DeVoss, Dànielle N., Heidi A. McKee, and Richard (Dickie) Selfe, eds. Technological Ecologies and Sustainability. Logan, UT: Computers and Composition Digital P/Utah State UP, 2009. Computers and Composition Digital Press. Web. http://ccdigitalpress.org/ebooks-and-projects/tes.

The book is divided into four extremely full sections. As brought up in in my introduction to this review, 383 pages is an exceptional length for a scholarly book of this kind and it speaks well for the project that none of the book feels stretched or like a tangential addition. The sections are as follows: Sustaining Instructors, Students, and Classroom Practices; Sustaining Writing Programs; Sustaining Writing Center, Research Centers, and Community Programs; and Sustaining Scholarship and the Environment. The combined sections contain a total of eighteen chapters, not including the introduction and contributor bios with photos.

Once in the text itself, an obvious advantage of the digital platform is increased use of photos/images and the fact that color is default.

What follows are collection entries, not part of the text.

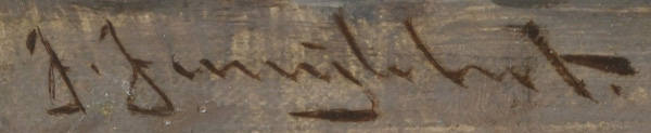 - Katalog-Nr: 1143Johann Jungblut (1860-1912). Fischverkauf am winterlichen Ufer. Öl/Lw., li./u./sign., gerahmt, 33,5 x 44,5 cm.o.L.
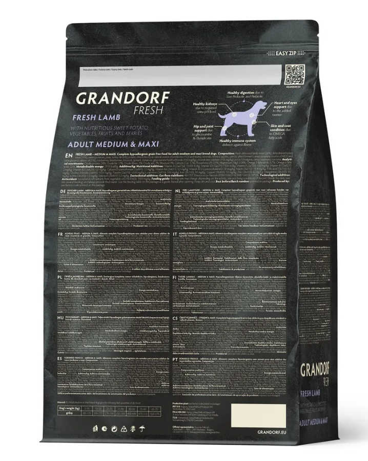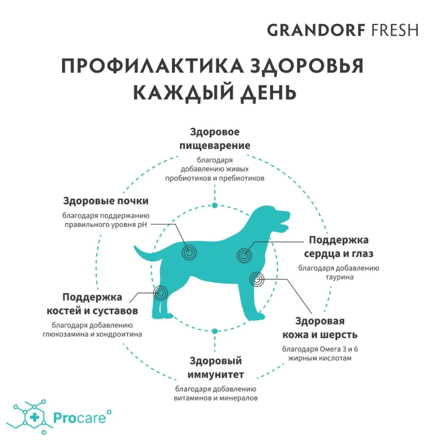 Каждый рацион Grandorf Fresh содержит один миллиард живых и полезных пробиотиков на один килограмм корма. Пробиотики поддерживают микрофлору кишечника, помогают усвоению питательных веществ и укрепляют иммунитет. Пробиотики добавляются после производства в специальных кишечнорастворимых микрокапсулах, остаются живыми и выполняют свои функции.
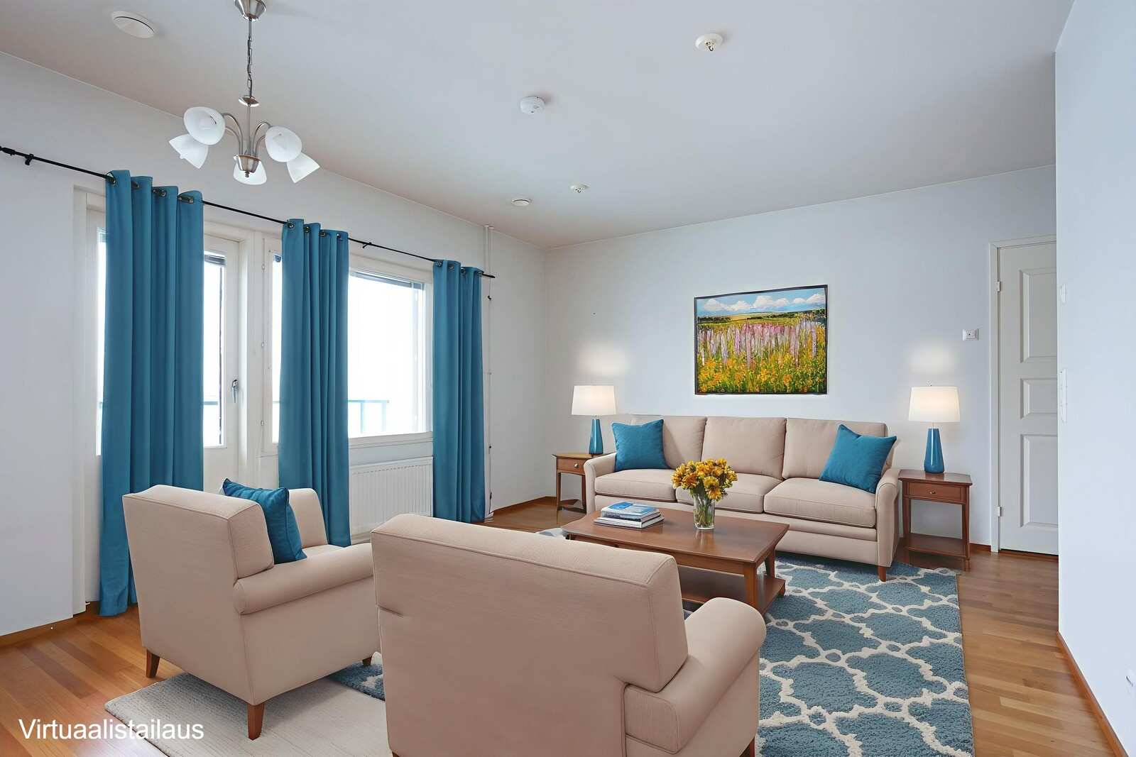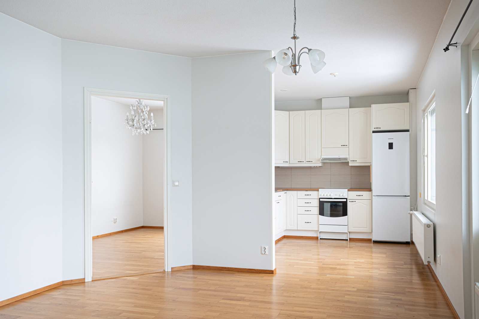 | Olohuone | Lattiassa parketti, seinissä maalipinta, käynti lasitetulle parvekkeelle. Näkymät keskustaan. |
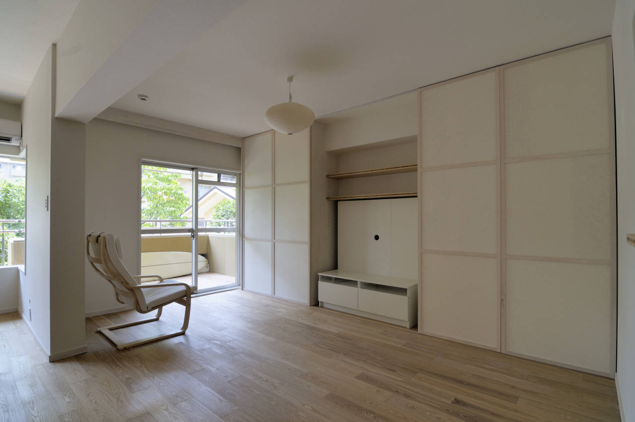 閉鎖的な3LDKの間取りを、風の流れや動線の通りの良いプランニングに変更。
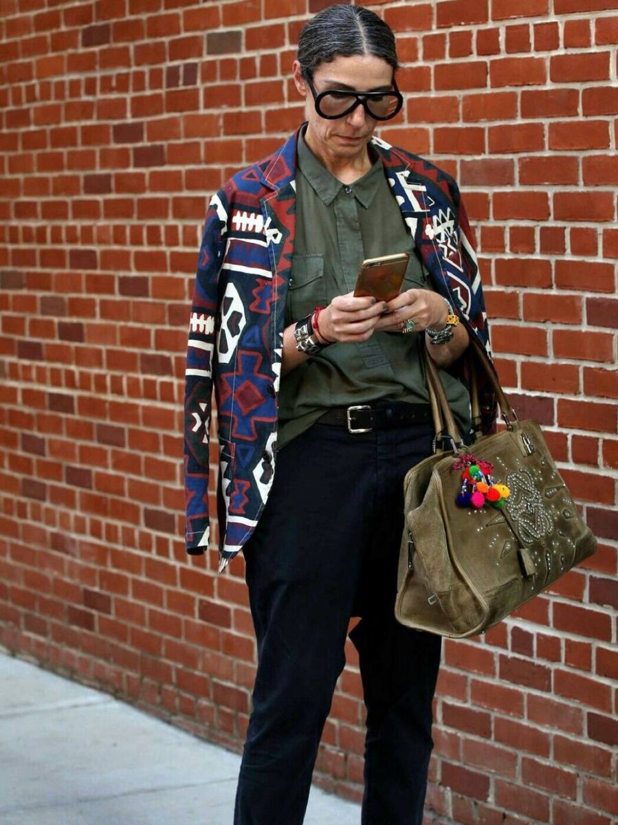- Хаки-замша + чёрный шерстяной жакет + широкие брюки.
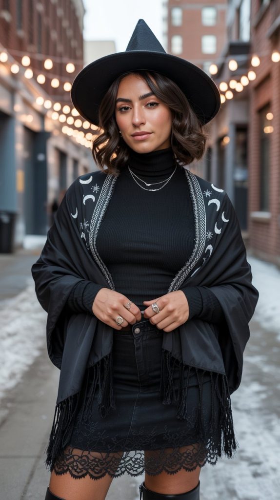 This modern Witchcore Winter Outfit merges boldness with everyday wearability. A wide-brimmed hat adds effortless attitude, while the black turtleneck and skirt provide a simple foundation. The shawl decorated with moons and stars introduces a mystical element, creating a versatile ensemble for snowy walks, coffee dates, or town outings.
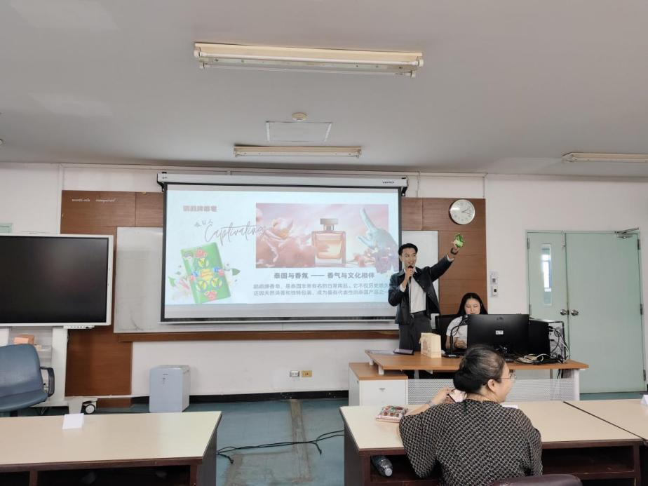 The opening remarks were delivered by Ms. Gu Mengyu from the Department of Chinese Language, Faculty of Humanities at Chiang Mai University, who warmly welcomed the Guangxi delegation and highlighted the geographic and cultural ties between the two countries. She expressed hope that the academic dialogue would help young people from both universities deepen mutual understanding and serve as a bridge of China-Thailand friendship. This was followed by Mr. Li Xiongying, Associate Dean of CAMT, who emphasized the importance of the “product + culture” collaboration model in enabling students to showcase professional competence while also exploring the cultural heritage behind local products.
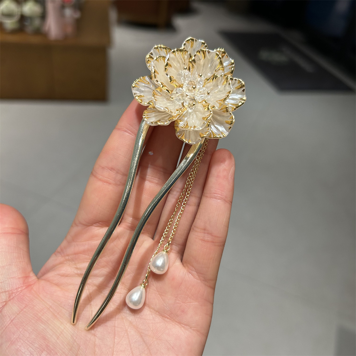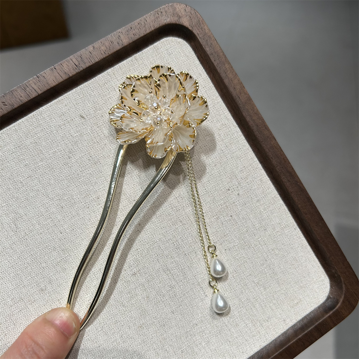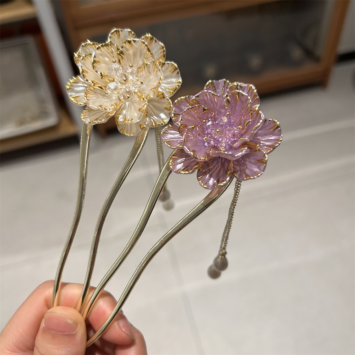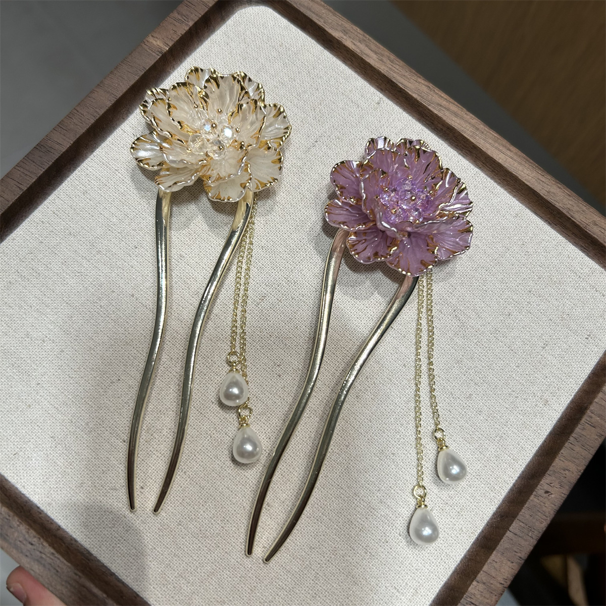 复古珐琅彩国风牡丹花发簪新中式古风高级感气质发饰发钗簪子
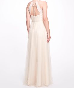 The Sicily gown in champagne is reminiscent of its namesake, a city in Italy. Featuring a halter neck, a-line silhouette, tulle panels, a sheer construction, a waist tie, a back tie fastening, and an open back, this dress is elegant and heavenly.

Perhaps this is too obvious, but as an editor and writer in the midst of finishing a book right now using traditional print methodology, full color reproduction was simply not an option this time out for Moon City Review 2009: An Annual of Poetry, Story, Art, & Criticism. I wanted it badly for the archival piece that featured previously unpublished illustrations, but it simply wasn’t in the budget–higher reproduction costs and higher paper costs. The book series will eventually have full color, but as a new series, we’re taking a two-year running start at it. This is what I’m talking about: the fact that there are color photos and graphics goes without saying–a pixel’s a pixel. However, it makes a huge difference for the quality, appearance, and functionality for this book. For example, screen shots usually look terrible in grayscale since, designed in color, they often have inadequate variation in tone, making the shot indistinct. The screenshots here are WYSIWYG. Even better is an example of a graphic from Kristie S. Fleckenstein, Fred Johnson, and Jackie Grutsch McKinne’s  “A Portable Ecology: Supporting New Media Writing and Laptop-ready Pedagogy.” A central concept for the chapter was what the authors described as”labyrinthine institutional loops” (46), which could also be described, using the focus of the collection as a whole, as a communicative ecology for decision-making or change. Along with Figure 2, “Models of Change,” which illustrates the concept in a four-part line drawing, directly underneath the drawing was a link to About Those Loops, a .mov file presentation. This was the moment the book moved from two to three dimensional publishing.